Het is een belachelijke zaak ons af te vragen of dit iets met onze tijd en met onszelf te maken heeft. Wie zich in een tijd van God-is-dood nog nooit van God verlaten heeft gevoeld leeft op de maan. En wie beweert dat hij alleen maar van horen zeggen weet wat eenzaamheid is... zo iemand moet nog geboren worden.
Laten we gewoon eerlijk zijn: voor heel wat mensen zit de hemel potdicht. Of het nu is vanwege ziekte, eenzaamheid, huwelijksconflict, werkeloosheid of moedeloosheid, dat doet er verder niet toe.

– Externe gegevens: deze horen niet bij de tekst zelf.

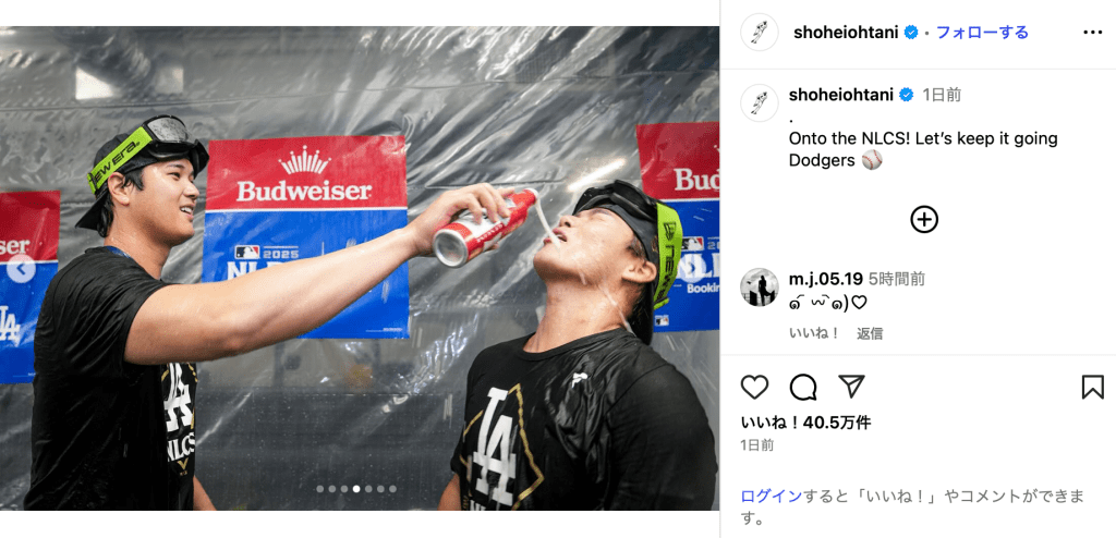 投稿されたのは、チーム全員の集合写真やシャンパンファイトの写真。大谷が山本由伸(27)にビールを飲ませて子供っぽく笑う写真も投稿された。山本はビールを口に含み苦しそうな表情を浮かべている。大谷は「Onto the NLCS! Let’s keep it going Dodgers」と英文で勝利を祝った。

Kan dan voor ons de hemel openscheuren? Ik denk van wel. Want het is ons geloof, onze geloofsovertuiging, dat God ons niet in de steek laat. Wij hebben tot Hem geroepen, en Jezus is Zijn antwoord. En die mens, die Gods antwoord is, roept niet, schreeuwt niet, verheft zijn stem niet op straat. Hij is herkenbaar aan het feit dat hij het geknakte riet niet breekt en de kwijnende vlaspit niet dooft. En wat met geknakt riet wordt bedoeld en wie die kwijnende vlaspit is, is niet zo moeilijk te achterhalen. Dat zijn wij. Voor ons is de hemel opengescheurd. Jezus is Gods antwoord op ons roepen.
Waarom zouden wij niet echt naar dat antwoord luisteren? Wat maak je je bezorgd om de dag van morgen. Je bent toch veel meer waard dan een zwerm mussen? Kijk naar de zon, dan is de schaduw achter je. De dood is geen punt, maar een dubbele punt. Er komt wat achter. God heeft je lief, omdat je beter bent dan je denkt. Dit en nog zoveel meer zegt Jezus. Gods antwoord op ons roepen. Maar wij krijgen dit antwoord pas, als we eerst geroepen hebben. Alleen wie op de grond ligt kan opgetild worden.